The eternal blue of the Velvet Room offered a stark, calming contrast to the chaotic void of the Dimensional Gap and the harsh sunlight of Madagascar.
Within this space between dream and reality, mind and matter, two figures sat at one of the ornate, dark wood tables. Elizabeth regarded her guest with a mixture of clinical curiosity and nascent protectiveness.
Ophis, the former dragon god of infinity, now looked like a lost child, her small form seeming even smallersitting on one of the sofas.
"Where are the headquarters of this Khaos Brigade?" Elizabeth asked, her voice calm and measured. She had been methodically questioning Ophis about her encounter with Nyarlathotep, attempting to piece together the Crawling Chaos's motives and methods.
Ophis's brow, usually smooth and expressionless, furrowed in concentration. She reached for the knowledge, for the memory of the hidden bases she had sanctioned, the locations she had visited in her quest to gather strength against Great Red. But where those memories should have been, there was only a formless fog.
The information was gone, cleanly excised.
"I don't know..." she finally admitted, her voice laced with a confusion that was entirely new to her.
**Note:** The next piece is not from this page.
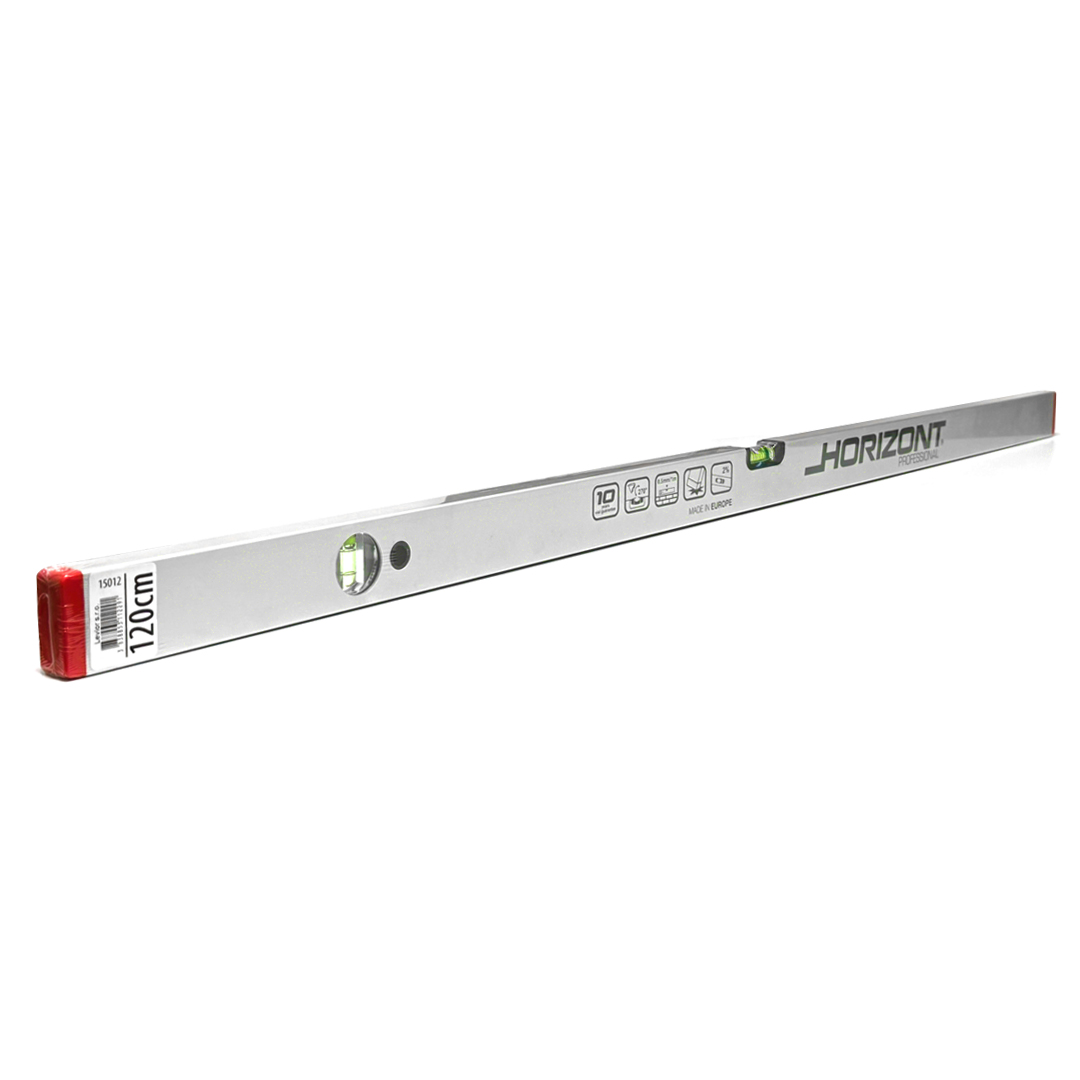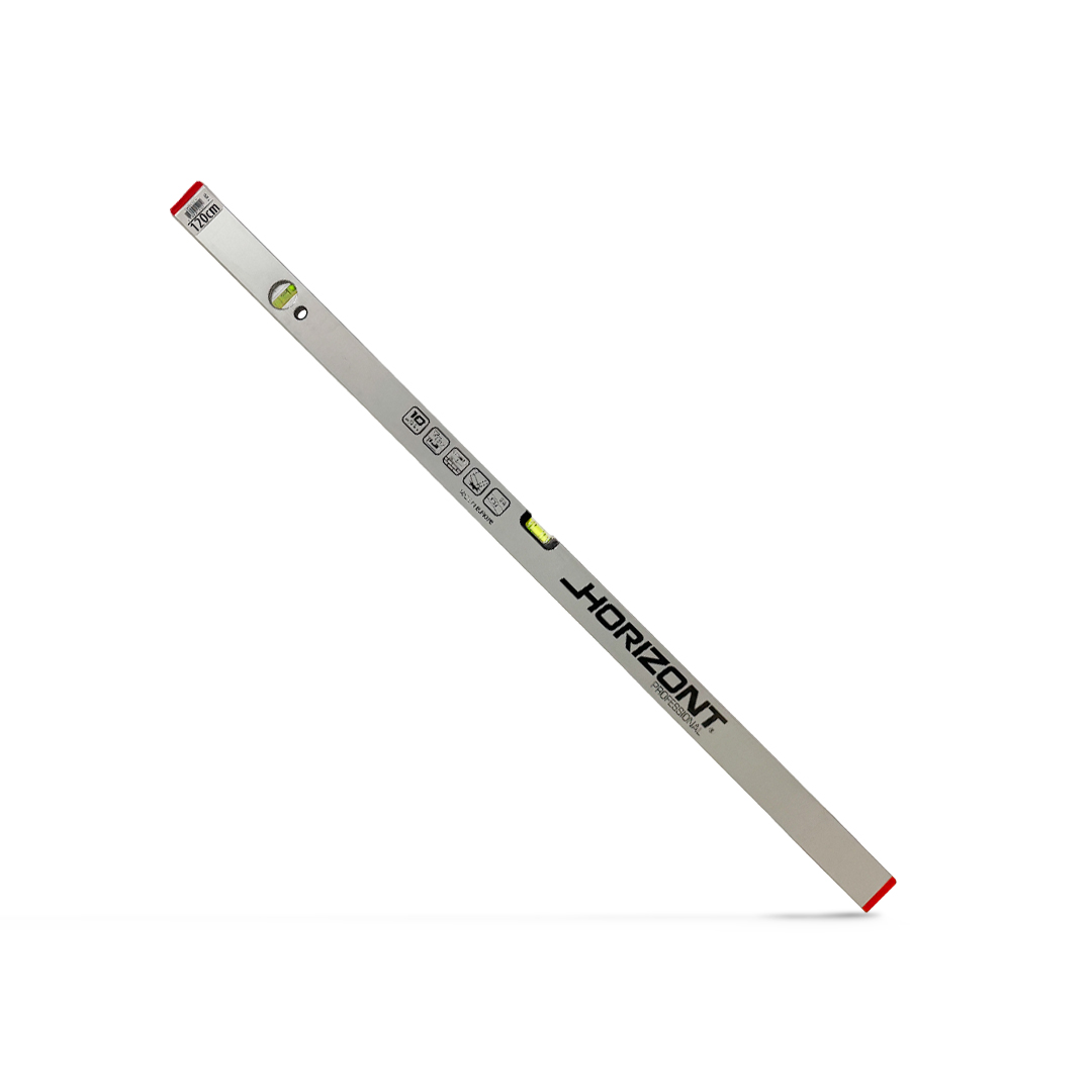 Vodováha HORIZONT, bez magnetu, v dĺžke 1200 mm je ručné meracie náradie určené na kontrolu vodorovnej a zvislej polohy pri montážnych a stavebných prácach. Slúži na presné vyrovnávanie stavebných prvkov, konštrukcií a montovaných dielov. Vyhotovenie bez magnetu je vhodné na univerzálne použitie.

She looked down at her hands, as if expecting to see the missing memories lying in her palms.
"It was predictable," Elizabeth stated, not unkindly. "Nyarlathotep is nothing if not thorough. He sealed your power, and it seems he also sealed the memories most critical to your former role. You know of the Khaos Brigade, but you cannot recall its foundations." She leaned forward slightly, her yellow eyes intent. "What about its key members? The ones you trusted, or who held significant power within it?"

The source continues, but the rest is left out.